* **ACTION ITEM**: For this exercise, repeat exactly the lines below starting at the line holding "初神戸行った時のコーデ 雨予報で着るの諦めたけど着れた この服たち全方向からのシルエットが良き" and ending at the line holding "Original set de", both included, with no extra lines and no pictures.

* **RECORDS FOR THE EXERCISE**:
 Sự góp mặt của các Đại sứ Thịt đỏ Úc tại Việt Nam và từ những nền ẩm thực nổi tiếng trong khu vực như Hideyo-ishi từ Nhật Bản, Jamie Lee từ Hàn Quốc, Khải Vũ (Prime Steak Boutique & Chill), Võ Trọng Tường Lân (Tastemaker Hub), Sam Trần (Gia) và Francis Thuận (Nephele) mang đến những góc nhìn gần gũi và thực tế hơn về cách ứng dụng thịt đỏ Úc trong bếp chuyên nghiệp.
---
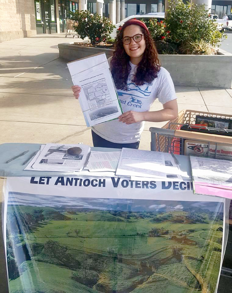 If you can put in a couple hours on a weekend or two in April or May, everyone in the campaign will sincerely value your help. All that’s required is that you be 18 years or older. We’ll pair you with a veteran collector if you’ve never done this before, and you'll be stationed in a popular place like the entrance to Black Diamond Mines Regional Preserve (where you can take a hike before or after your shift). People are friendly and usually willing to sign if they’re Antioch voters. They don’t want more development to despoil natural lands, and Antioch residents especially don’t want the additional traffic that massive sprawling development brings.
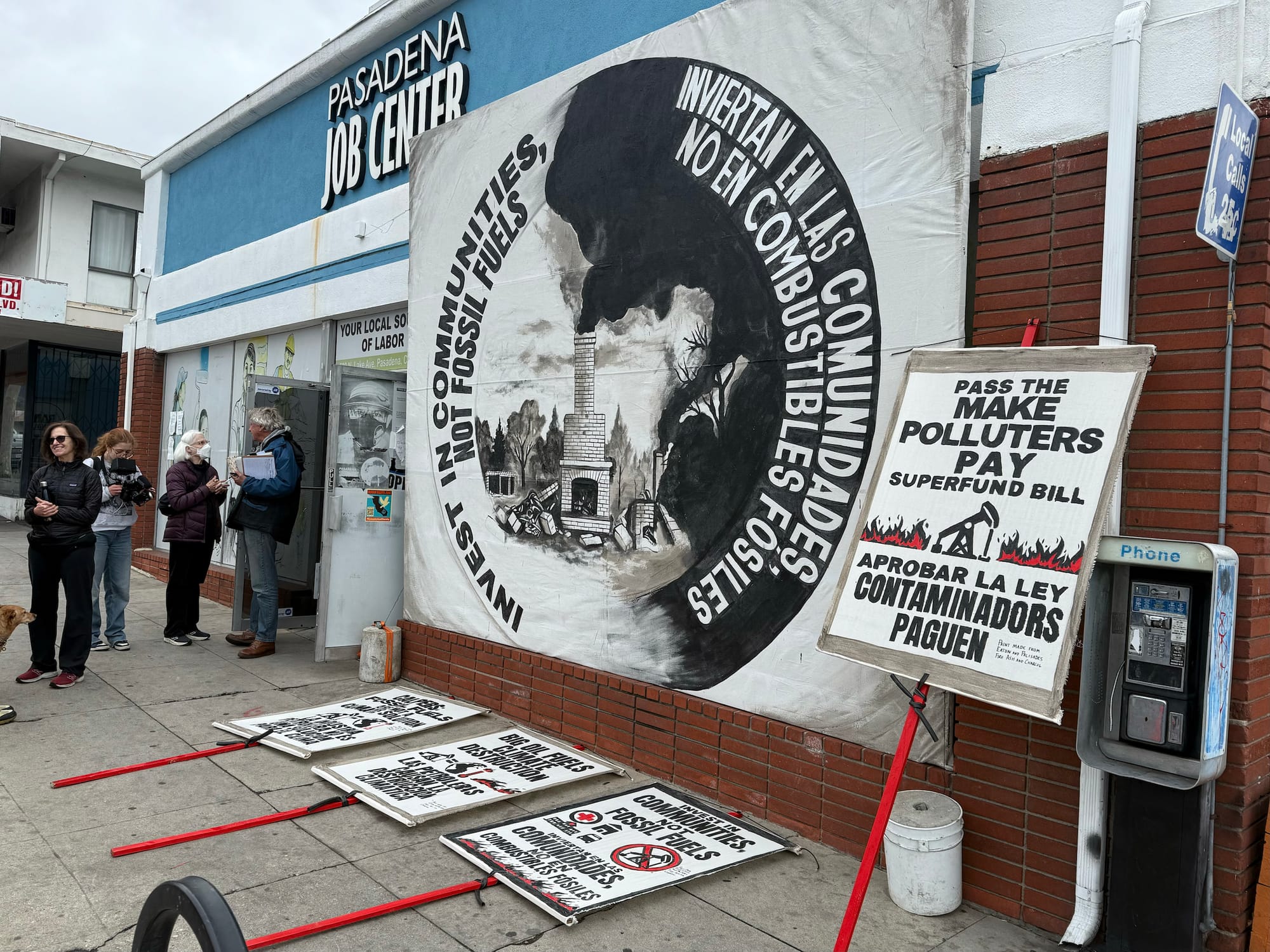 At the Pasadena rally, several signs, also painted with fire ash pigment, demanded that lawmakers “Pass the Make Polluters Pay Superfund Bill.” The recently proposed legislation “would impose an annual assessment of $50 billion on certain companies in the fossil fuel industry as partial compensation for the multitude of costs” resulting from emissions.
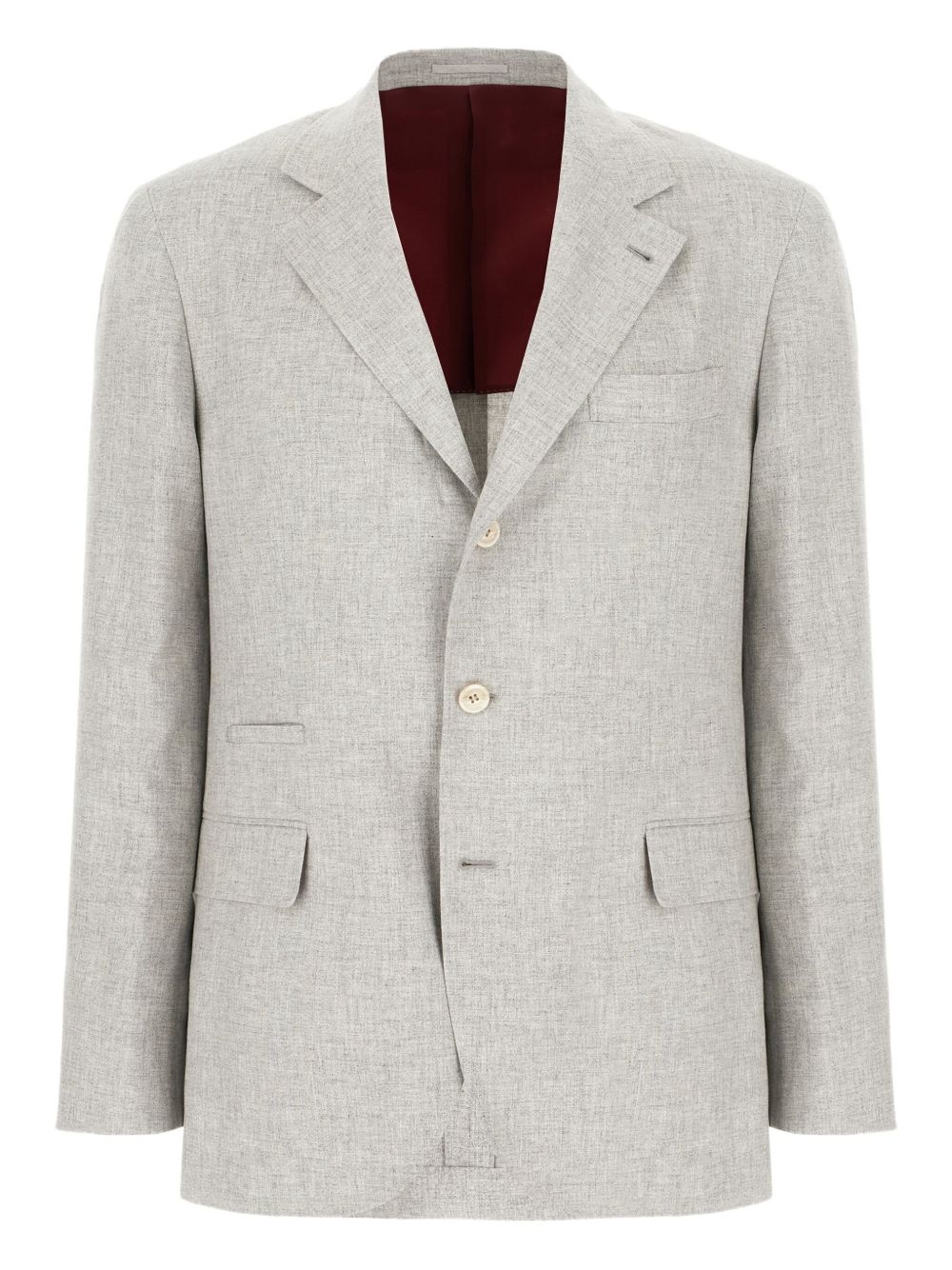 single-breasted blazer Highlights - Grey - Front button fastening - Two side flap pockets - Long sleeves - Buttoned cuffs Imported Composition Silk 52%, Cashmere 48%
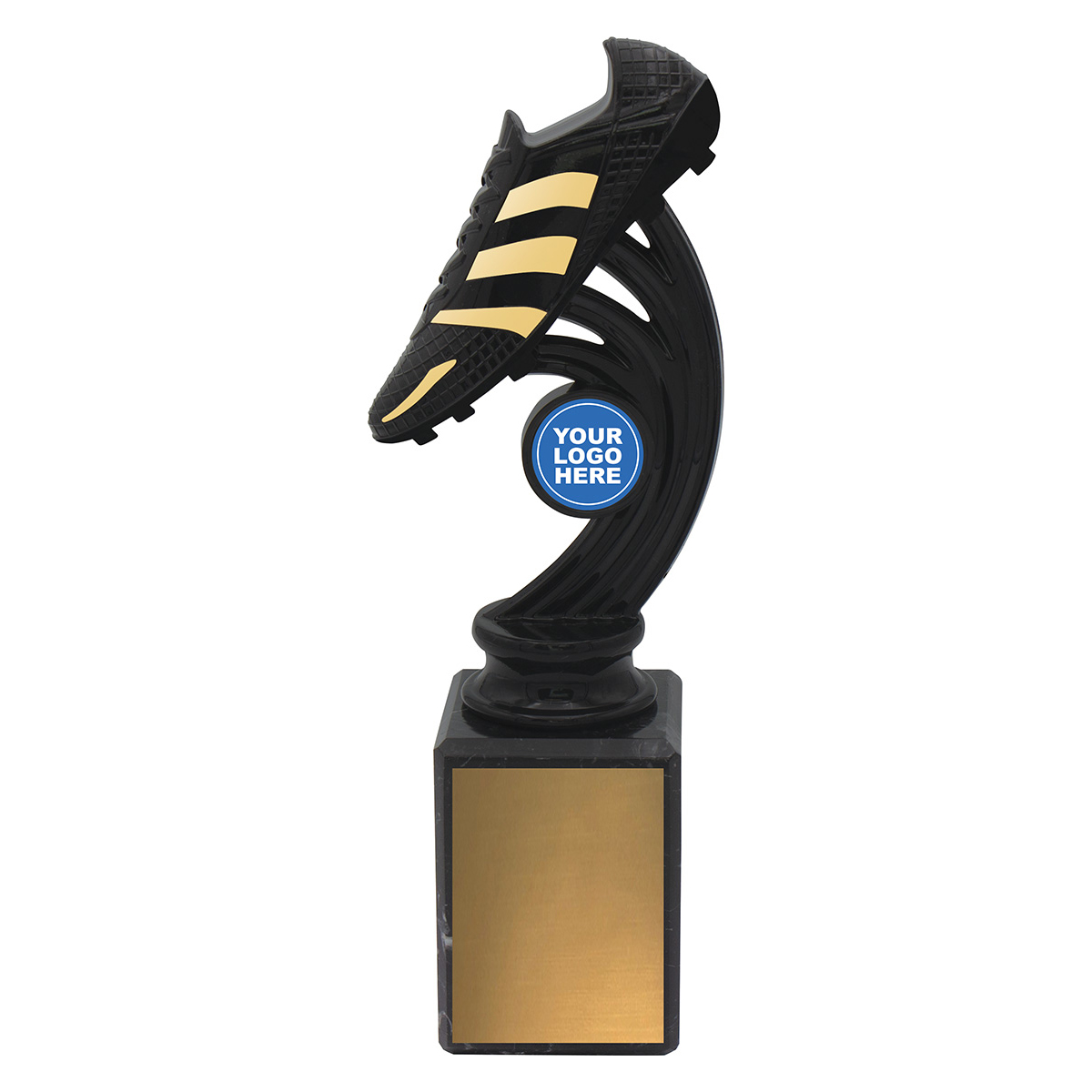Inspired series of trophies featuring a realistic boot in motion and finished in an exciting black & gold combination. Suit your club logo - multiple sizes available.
--
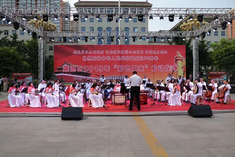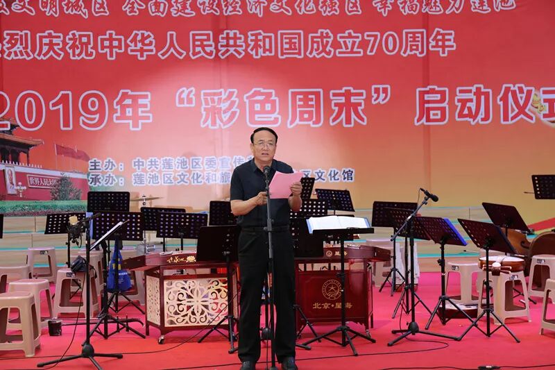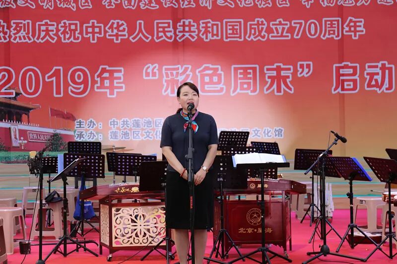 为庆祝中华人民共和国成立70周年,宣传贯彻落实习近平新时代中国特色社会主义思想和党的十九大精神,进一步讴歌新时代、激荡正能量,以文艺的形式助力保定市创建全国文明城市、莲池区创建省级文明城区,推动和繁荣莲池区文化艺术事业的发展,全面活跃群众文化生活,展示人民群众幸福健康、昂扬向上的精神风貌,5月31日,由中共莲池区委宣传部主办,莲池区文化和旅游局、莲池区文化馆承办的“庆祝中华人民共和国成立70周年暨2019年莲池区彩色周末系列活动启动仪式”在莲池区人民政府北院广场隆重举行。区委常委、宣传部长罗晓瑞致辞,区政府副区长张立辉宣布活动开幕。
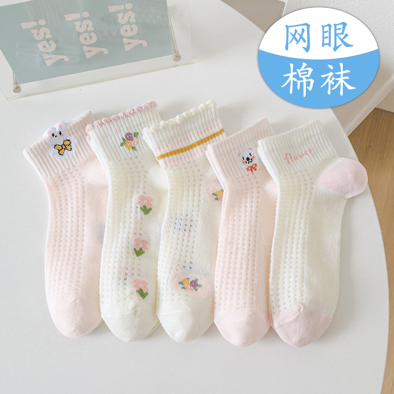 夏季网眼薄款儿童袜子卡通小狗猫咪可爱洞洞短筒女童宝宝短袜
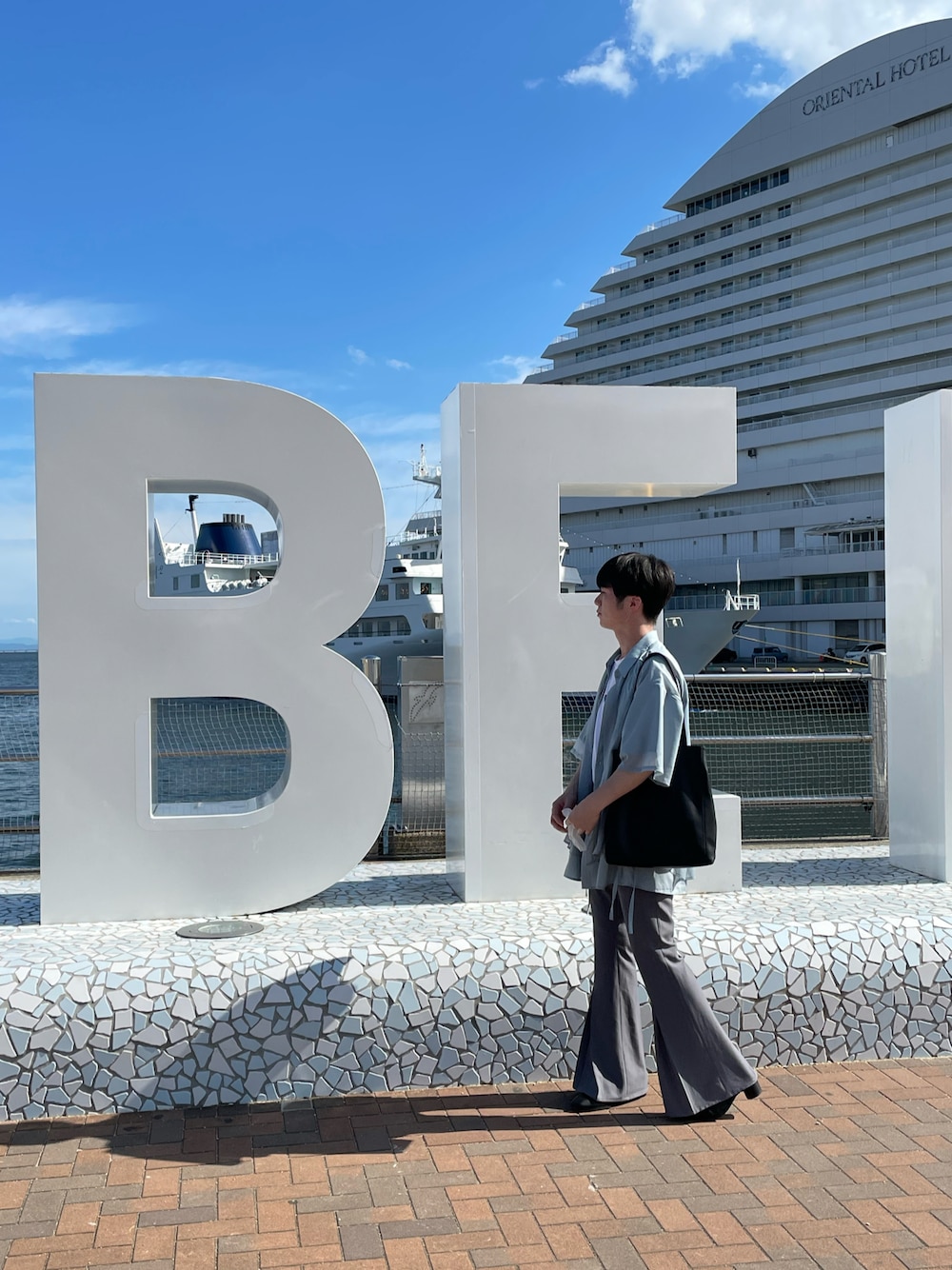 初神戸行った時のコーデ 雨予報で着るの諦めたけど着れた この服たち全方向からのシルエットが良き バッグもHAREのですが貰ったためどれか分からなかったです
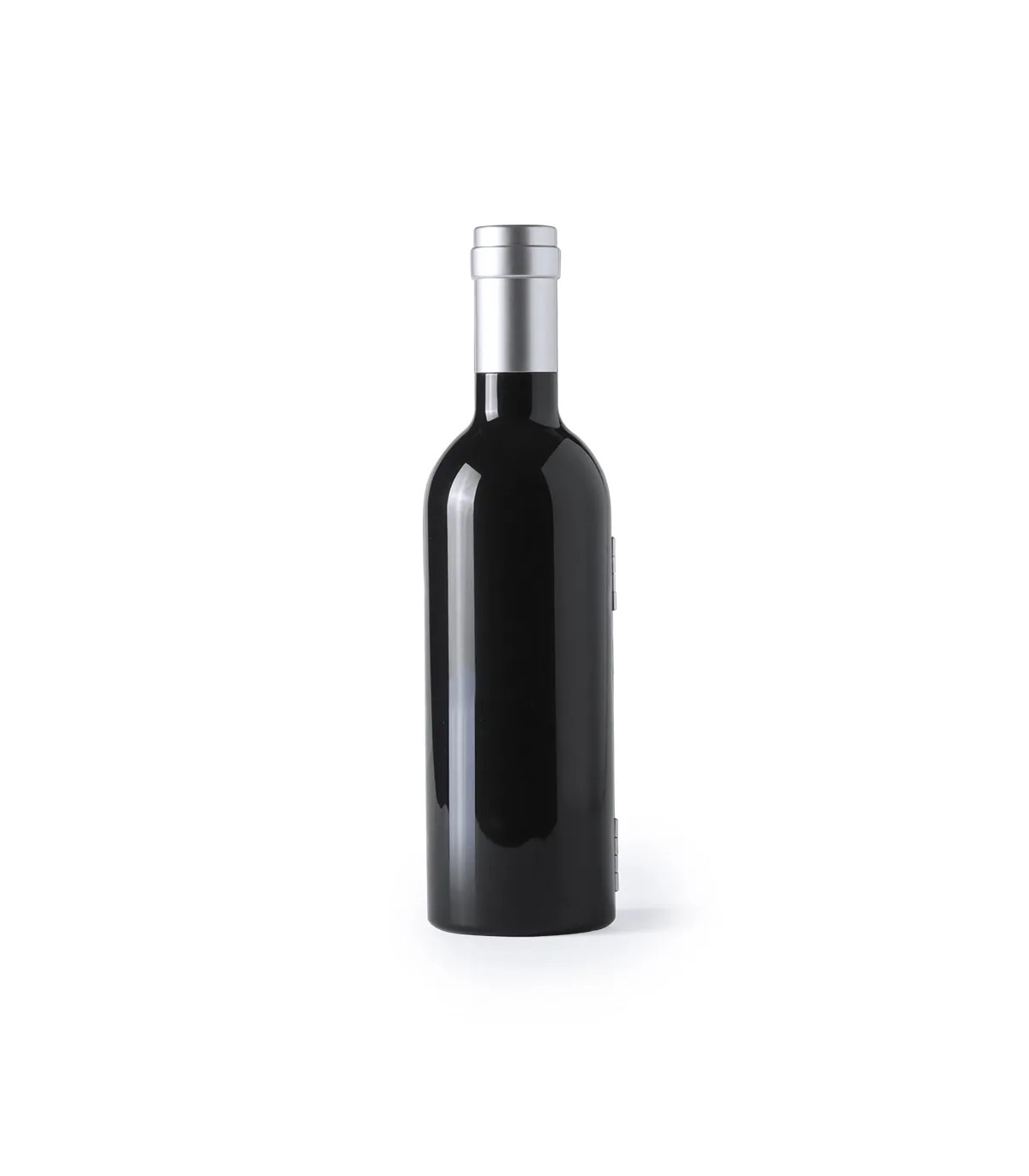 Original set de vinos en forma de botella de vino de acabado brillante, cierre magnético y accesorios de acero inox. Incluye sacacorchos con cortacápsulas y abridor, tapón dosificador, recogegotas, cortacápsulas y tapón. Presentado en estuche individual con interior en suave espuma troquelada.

* **SOLUTION**:
 初神戸行った時のコーデ 雨予報で着るの諦めたけど着れた この服たち全方向からのシルエットが良き バッグもHAREのですが貰ったためどれか分からなかったです
 Original set de vinos en forma de botella de vino de acabado brillante, cierre magnético y accesorios de acero inox. Incluye sacacorchos con cortacápsulas y abridor, tapón dosificador, recogegotas, cortacápsulas y tapón. Presentado en estuche individual con interior en suave espuma troquelada.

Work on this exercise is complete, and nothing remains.